С первыми (вытесняемыми) ситуация куда сложнее. Если взаимодействие между публичным и микрогрупповыми уровнями кодирования налажено и каждый уровень действует «в рамках собственной компетенции», не покушаясь на сопредельные зоны, то женские сюжеты и связанные с ними поведенческие и кодовые стратегии тихо существуют на периферии публичного пространства, не оставляя по себе в писаной (и другой, так или иначе проявляемой публично) истории практически никакого следа – если не считать таковым жанрово трансформированные «вмешательства» публичного пространства в микрогрупповые зоны – как в комедиях Аристофана. Если же публичное пространство и соответствующие уровни кодирования начинают активно претендовать на присвоение (и, соответственно, перекодирование) микрогрупповых пространств и поведенческих/кодовых стратегий, то «женский дискурс» волей-неволей становится самой логичной жертвой этого процесса.
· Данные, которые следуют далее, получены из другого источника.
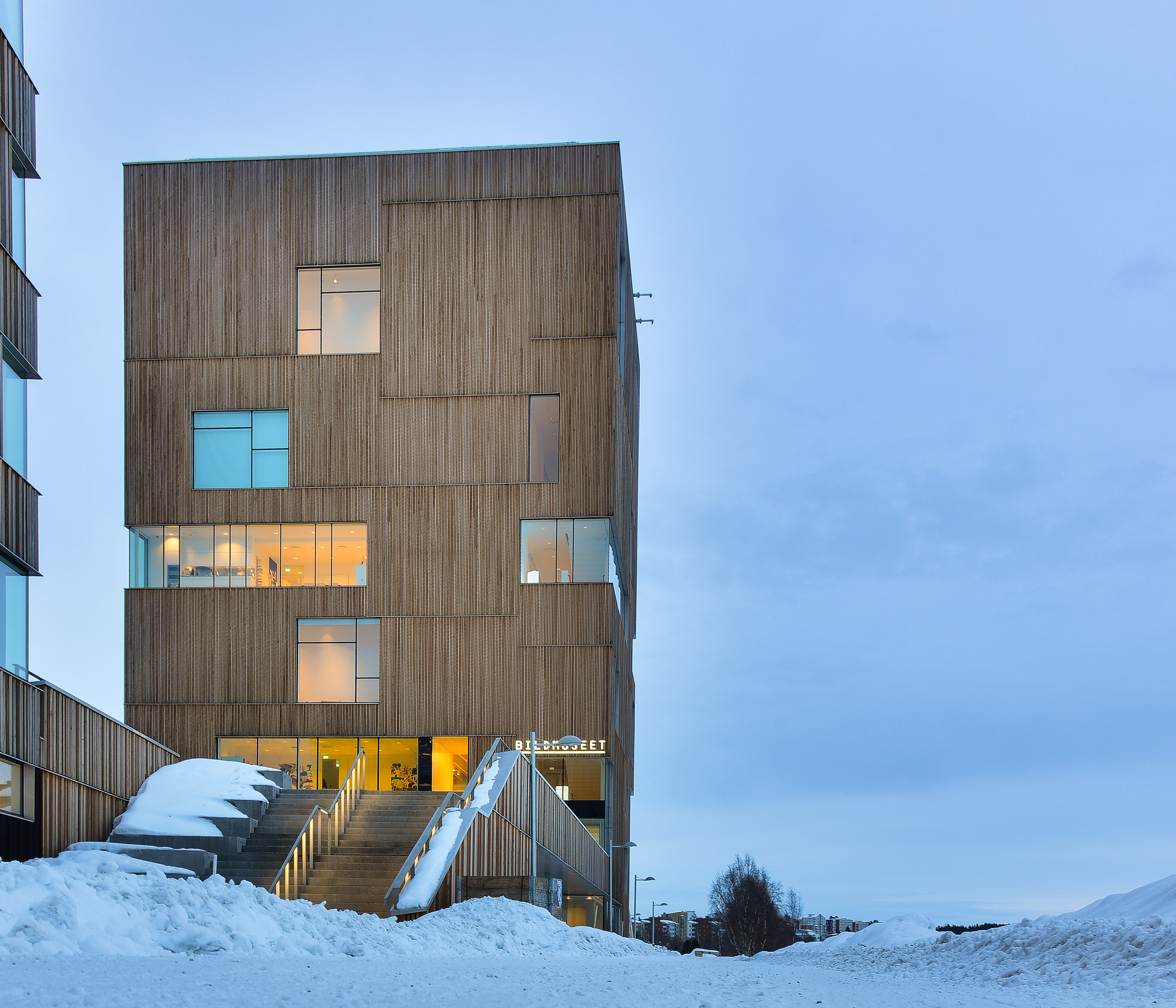 Bildmuseet is a public institution for contemporary art and visual culture in Umeå, Västerbotten, Sverige. The building was designed by Henning Larsen Architects and its part of the new Arts Campus in Umeå.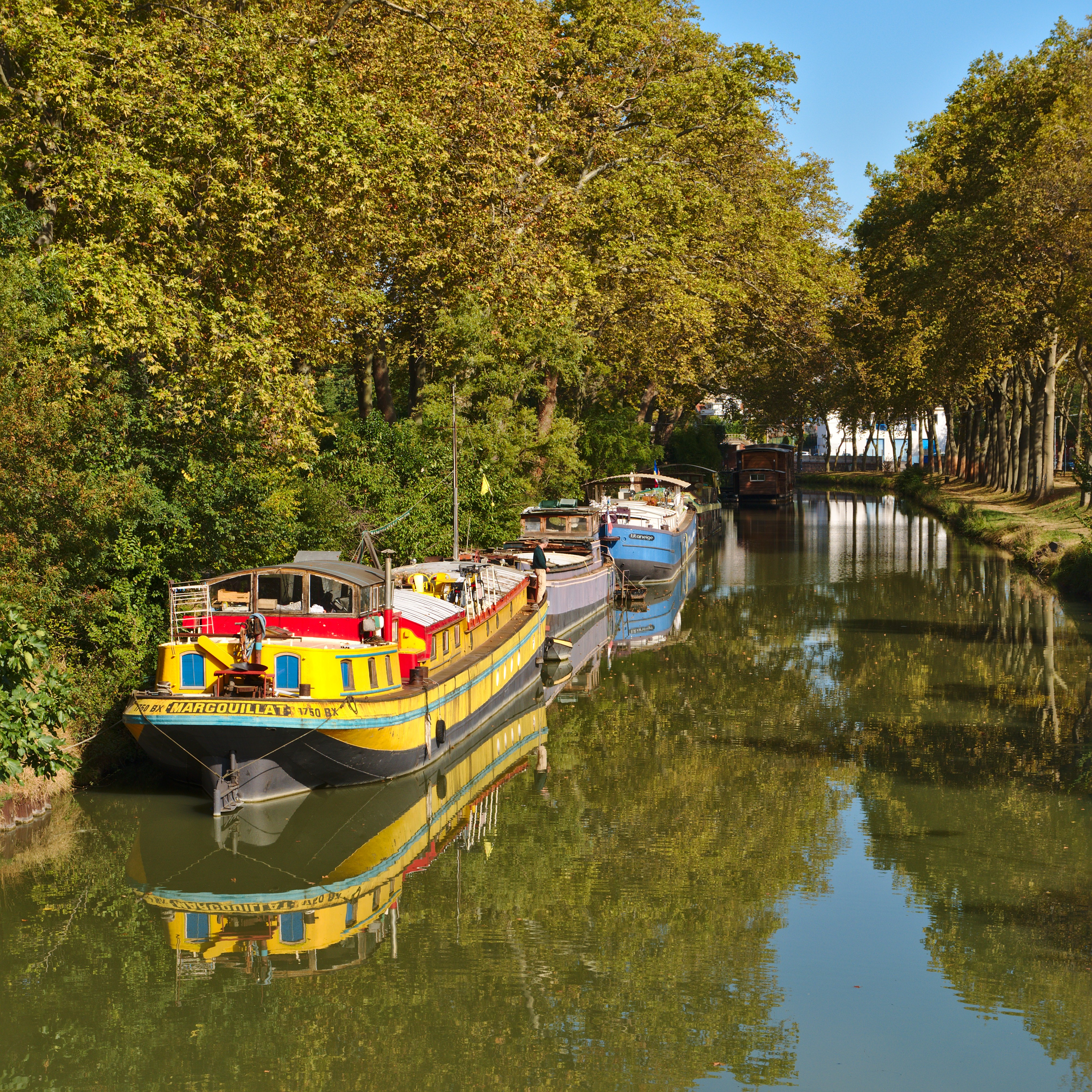 The Canal du Midi seen from the Demoiselles Bridge, in Toulouse.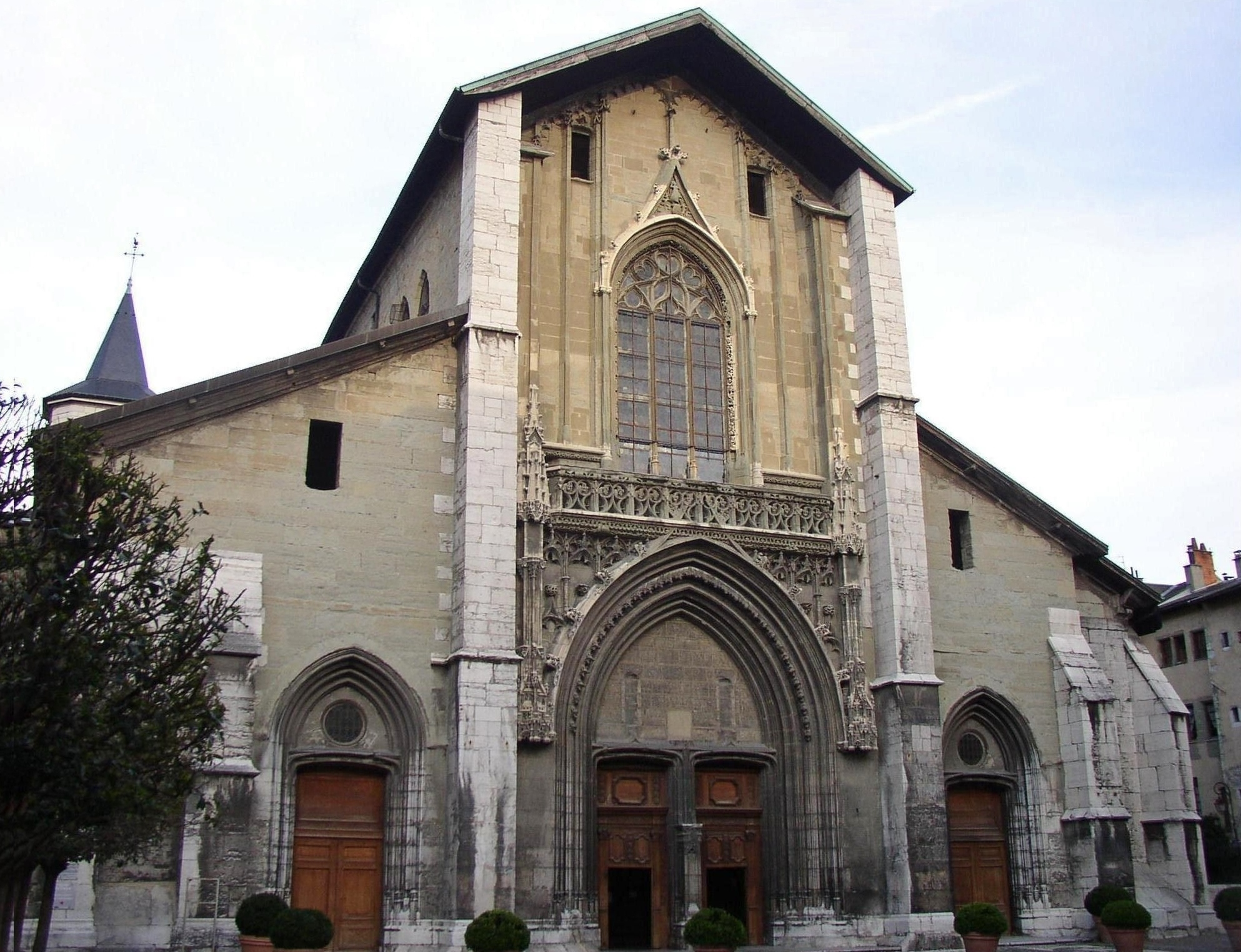 Sight of the Saint-François-de-Sales cathedral of Chambéry (Savoie, France), in 2005.

Начиная, понятное дело, с сексуальных практик – и заканчивая любыми другими практиками и пространствами, которые являются системообразующими для женских ролей и воспринимаются как женские par excellence.

Советская действительность, построенная на: 1) большевистской атаке на любые микрогрупповые пространства с целью их публичной трансформации и соответствующего перекодирования и 2) на сталинско-имперской утопии тотального контроля над личностью (через атомизацию общества и, соответственно, разрушение всех возможных микрогрупповых пространств и кодов), просто обязана была «выдавливать женское».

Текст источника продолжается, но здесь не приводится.